In this study, we analysed SVAs which are present in the human reference genome identified as RIPs in the cohort analysed, herein termed reference SVA RIPs to investigate differential gene expression patterns associated with ALS. For this analysis, we used whole genome sequencing (WGS) and transcriptomic data obtained from the New York Genome Center (NYGC) ALS Consortium, to elucidate the role of SVA insertion polymorphisms on gene expression in central nervous system (CNS) tissues in healthy controls and ALS patients (Figure 1a). Our analysis demonstrated that reference SVA RIPs regulate single and multiple gene targets genome-wide within CNS tissues and display tissue-specific gene modulation by comparing spinal cord, cerebellum, motor cortex and frontal cortex tissue analyses. Furthermore, we discovered that SVA RIPs influence the expression of genes at loci (HLA and MAPT) previously associated with ALS, highlighting SVA regulation of genes at this locus could be a potential mechanism involved in ALS pathology.

2. Results

2.1. SVA RIPs act as eQTL genome wide in CNS tissues

To determine the impact of reference SVAs RIPs on gene expression profiles, we analysed WGS and transcriptomic data of both ALS patients (n=1544) and healthy controls (n=359) from the ALS Consortium cohort. For this analysis, we initially combined data from different CNS tissues, including motor cortex, frontal cortex, cerebellum, occipital cortex, temporal cortex, hippocampus, and spinal cord tissue (Figure 2).
For eQTL analysis we assessed changes at a gene-based level. We demonstrate that, 14,830 genomic loci were significantly differentially modulated by reference SVA insertion polymorphism (FDR p<0.05). Of these effects, 167 were cis regulated by SVA RIPs, whilst over 98% (14,663 targets) were trans-regulated, where trans-regulated is defined as genes regulated greater than 1Mb away from the SVA site (Figure 3a). This indicates that most regulatory effects observed by these SVA RIPs impact target genes >1Mb away from the SVA element itself, these could be both direct and indirect effects (Figure 1c). In addition, single SVA elements had the capacity to regulate either a single gene or multiple gene targets. Our analysis identified that 92 reference SVA RIPs were responsible for the modulation of the 14,830 genomic loci, with SVA_16 affecting the greatest number of genes (917) (Figure 3b).

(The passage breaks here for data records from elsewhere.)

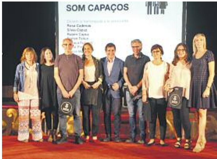
L'entitat farà la presentació oficial el pròxim 25 de gener.

Segons ha explicat l'Ajuntament a través d'un comunicat, l'entitat neix "de la demanda de moltes famílies a Martorell que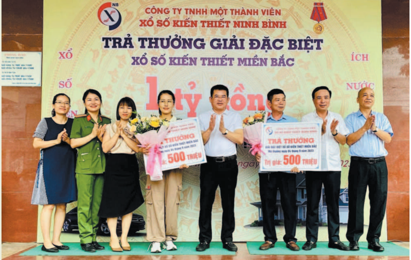
Công ty TNHH MTV Xổ số Kiến thiết Ninh Bình trao giải cho khách hàng trúng thưởng

Không chỉ nỗ lực trong hoạt động sản xuất kinh doanh, XSKT Ninh Bình còn chú trọng quan tâm, chăm lo, đảm bảo và nâng cao đời sống cho người lao động. Các chế độ về tiền lương, thu nhập, bảo hiểm xã hội, bảo hiểm y tế,... được thực hiện đầy đủ. Ban lãnh đạo Công ty thường xuyên tổ chức các chương trình đào tạo để nhân sự trao đổi kỹ năng làm việc linh hoạt hơn, nâng cao năng lực chuyên môn; đồng thời thực hiện sắp xếp lại các phòng chuyên môn, nhân sự phù hợp để đảm nhiệm các nhiệm vụ được giao. Tùy theo nhiệm vụ được phân công, nhân viên sẽ được tham gia vào các lớp đào tạo về quản lý, nghiệp vụ, chính trị,... phù hợp.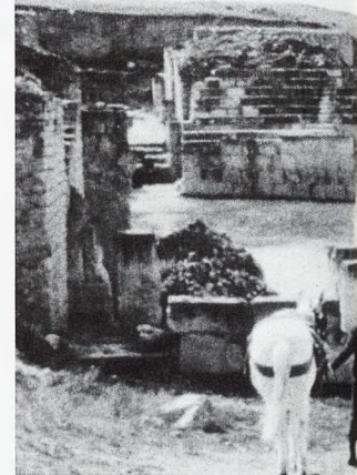
'Mar de luna' de Manolo Matji, 1994.

fleja el aburrimiento de los hombres y mujeres de la época en las capitales de provincia, y cómo logran superar esos estados constantes de aburrimiento. Es en 'Calle Mayor' donde la crudeza de una 'inocente' broma causa un fuerte dolor, haciendo que el espectador no sonría cuando los hombres, reunidos en el casino, deciden gastar una broma pesada a una solterona ilusionándola con una petición de noviazgo. Betsy Blair es la actriz británica que encarna el papel de esta solterona y que interpreta su papel con gran limpieza y serenidad. En enero de 1987, Betsy Blair volvió a España para rendir homenaje a esta obra. Blair declaró lo siguiente a los medios de comunicación: «Conocí a Bardem en el Festi-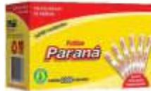
PALITO DENTE PARANA SACHE C/2000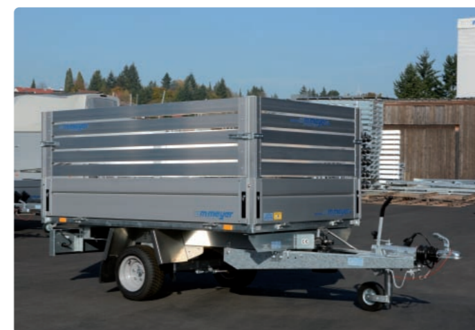
Zubehör: Alulaubaufsatz Option : rehausse en alu Optional extra: aluminium extension sides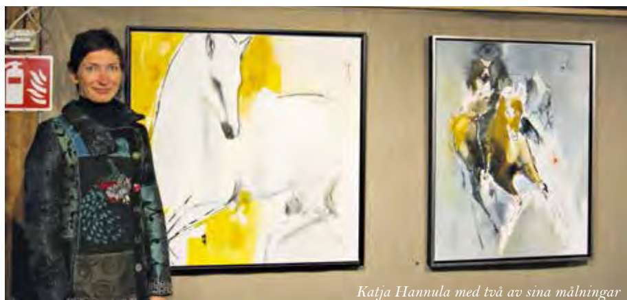
Katja Hannula med två av sina målningar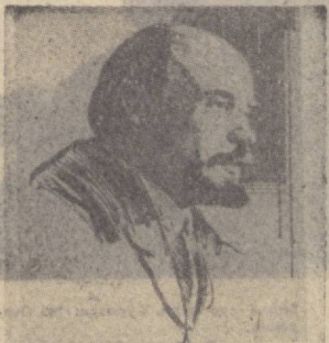
В. Д. СТАСОВА В. И. ЛЕНИН мана шундан киши эди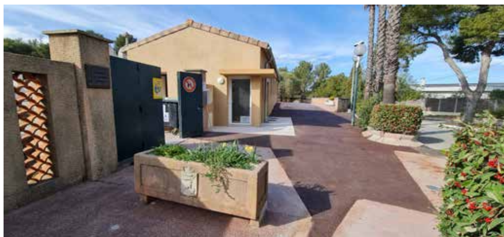
Logement du cimetière : Après de multiples difficultés rencontrées tout au long du chantier, le logement vient d'être attribué.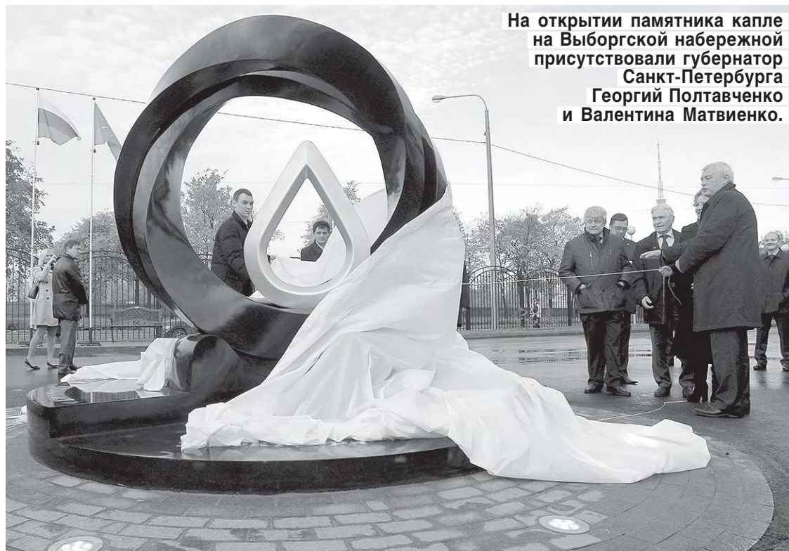
На открытии памятника капле на Выборгской набережной присутствовали губернатор Санкт-Петербурга Георгий Полтавченко и Валентина Матвиенко.

В зыбкой питерской почве соорудили настоящий подземный город. Сотрудники «Водоканала» утверждают, что ничего подобного не строилось ни в России, ни в мире. На глубине 90 метров (высота 35-этажного дома) смонтирован циклопический узел регулирования стоков. Также ликвидировано 10 ядовитых сливов в Неву.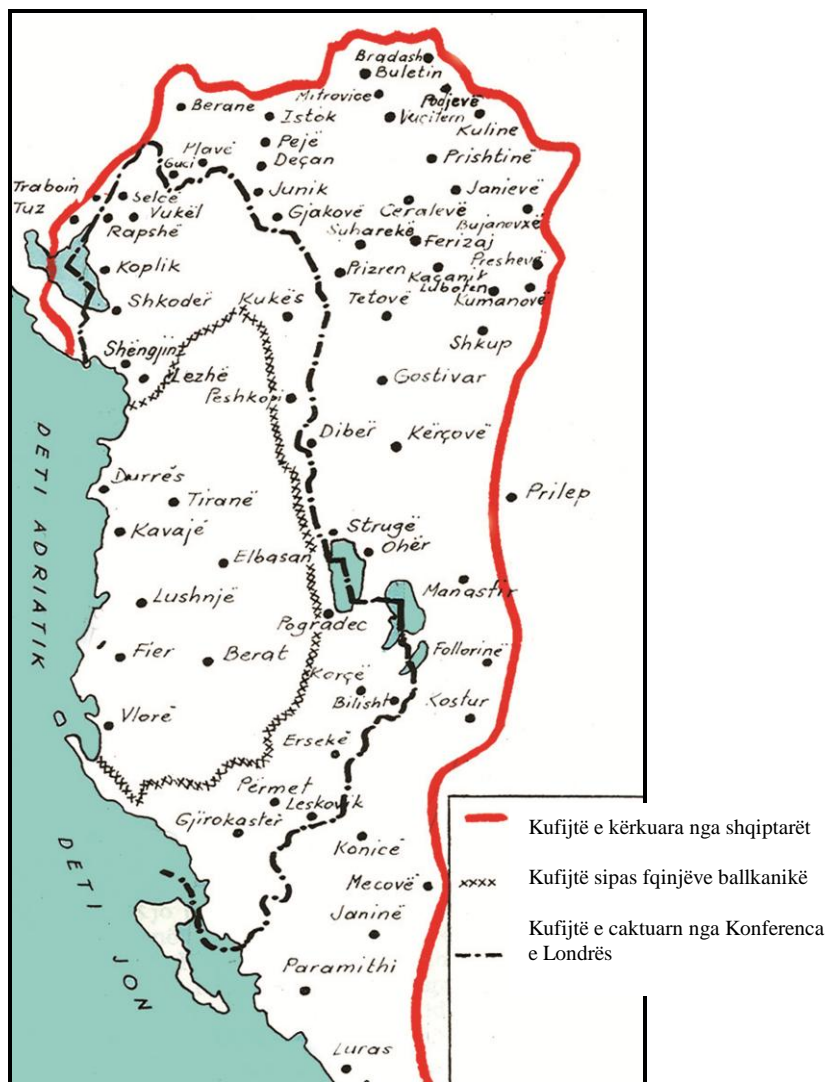
Hartë – Kufijtë e shtetit shqiptar në Konferencën e Ambasadorëve në Londër (1912-1913)

tëra pune, përpjekjesh e gjaku, mund të shkonin kot, të kishte në krah një fuqi si Perandoria Austro-Hungareze, për t'i dhënë mbështetjen që të përmbushte njerën pjesë të programit të rilindësve, krijimin e shtetit shqiptar të pavarur.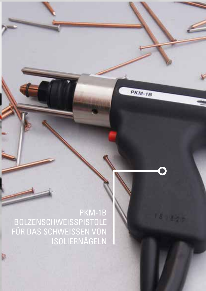
PKM-1B BOLZENSCHWEISSPISTOLE FÜR DAS SCHWEISSEN VON ISOLIERNÄGELN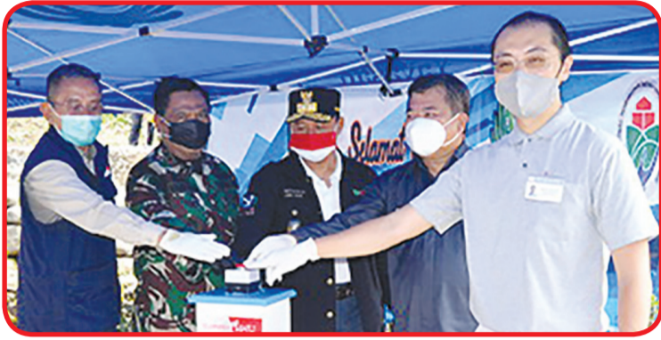
Penekanan tombol peresmian Jembatan Sungai Cikaso.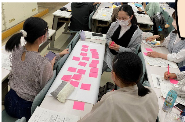
2022年度総代会の様子、グループワークで生協への様々な意見を出し合いました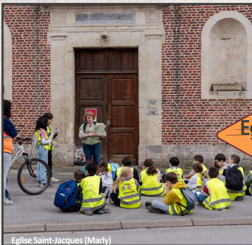
Eglise Saint-Jacques (Marly)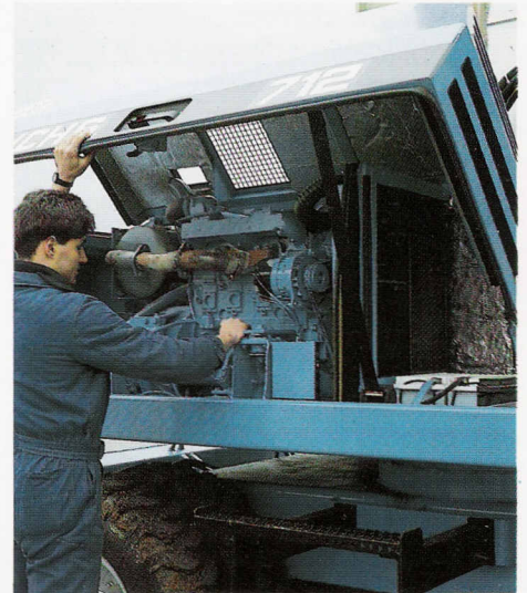
Alle Servicearbeiten sind bequem zu erledigen.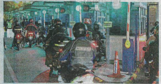
Taking precautions: Travellers crossing the Johor and Singapore border through the Second Link.

"For now, I have yet to make any drastic lifestyle changes, but I keep myself updated on the situation. If either government were to make any official announcement, I will heed them," he said.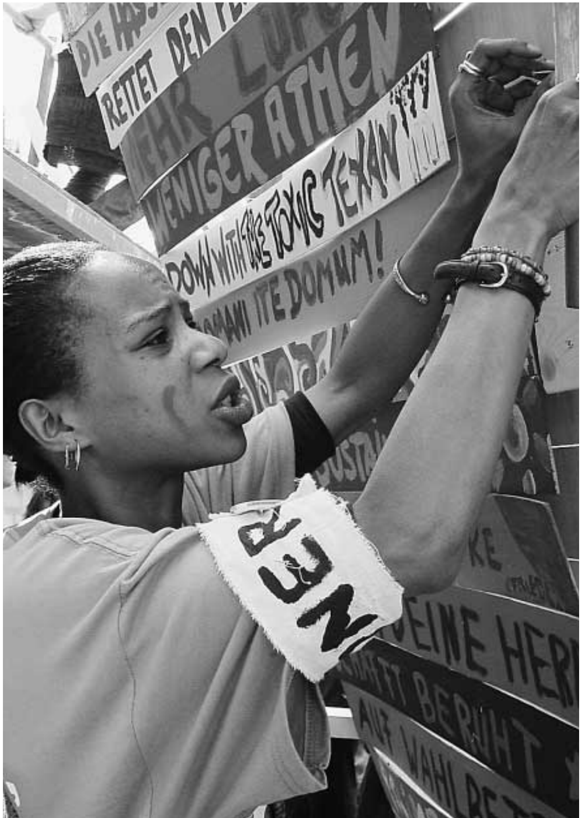
El bote salvavidas: Acción de Amigos de la Tierra Internacional para la Conferencia sobre el clima (Bonn 2001)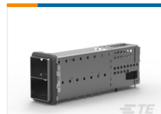
TE 产品编号 2296273-2 MICROQSFP 2X1 CAGE ASSY EMI GASKET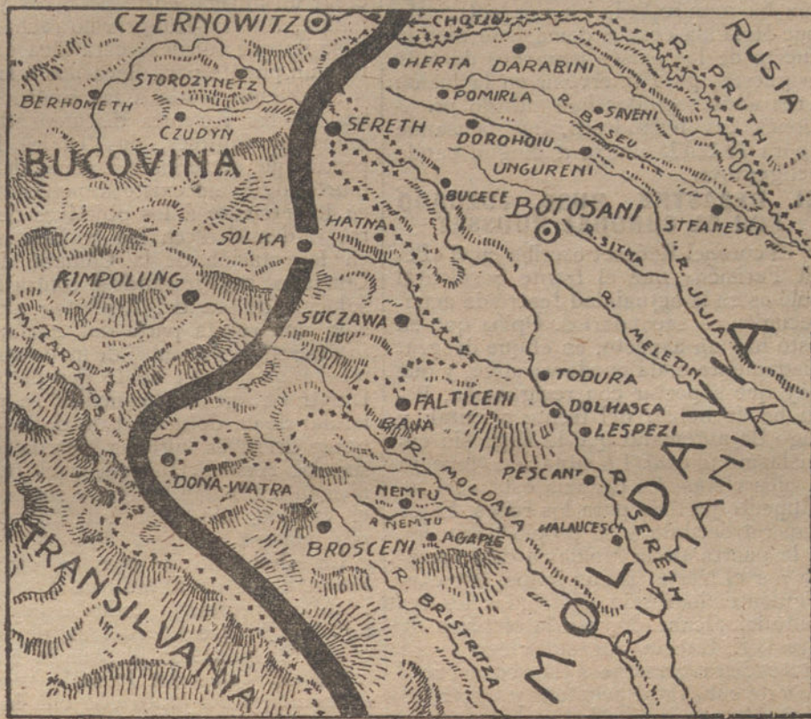
Campos de batalla de la Bucovina y Moldavia, donde actualmente están ocurriendo sangrientos combates.

vitza, rechazamos violentos ataques de varias unidades.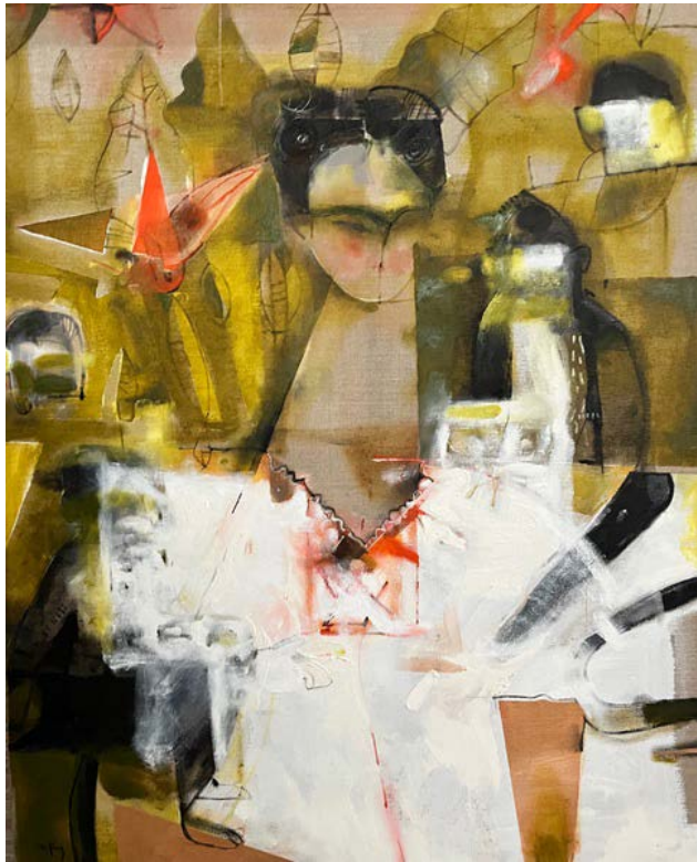
FRIDA I MALPY (FRIDA KHALO) / 80 x 100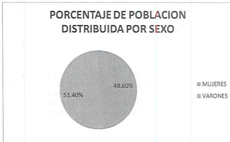
GRAFICO 1: POBLACIÓN POR SEXO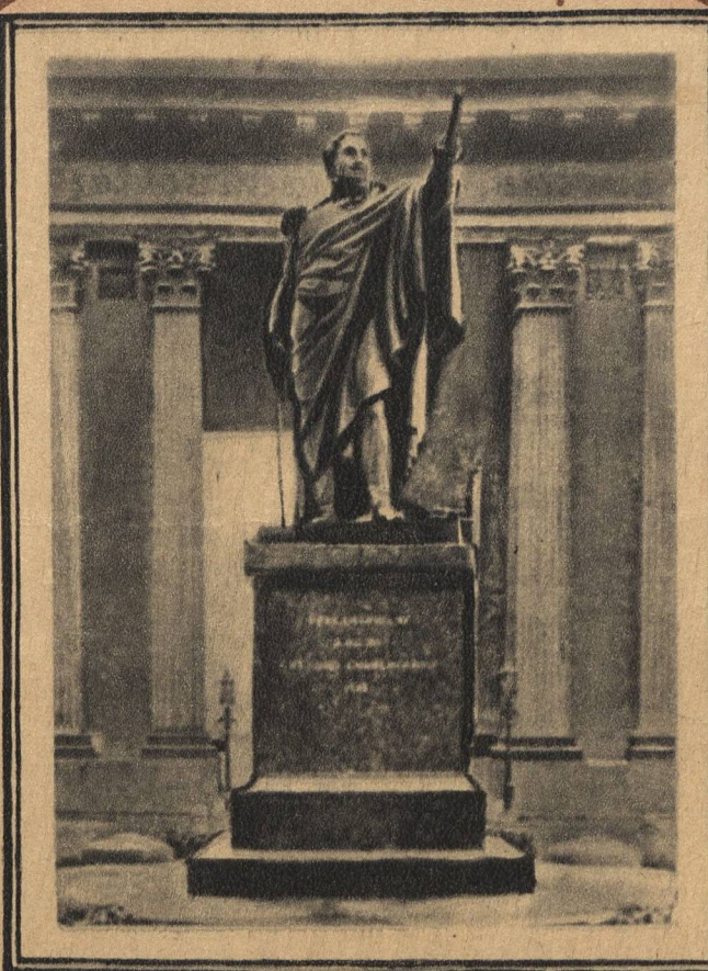
ПАМЯТНИК М. И. КУТУЗОВУ В ЛЕНИНГРАДЕ

Of these 92 SVA elements polymorphic for their presence or absence, 26 SVAs affects on more than 200 genes in total, whilst the lowest number of targets for an SVA in this analysis was 6, indicating that all reference SVA RIPs analysed in this study had the ability to modulate expression profiles of multiple gene targets in the CNS (Figure 3b).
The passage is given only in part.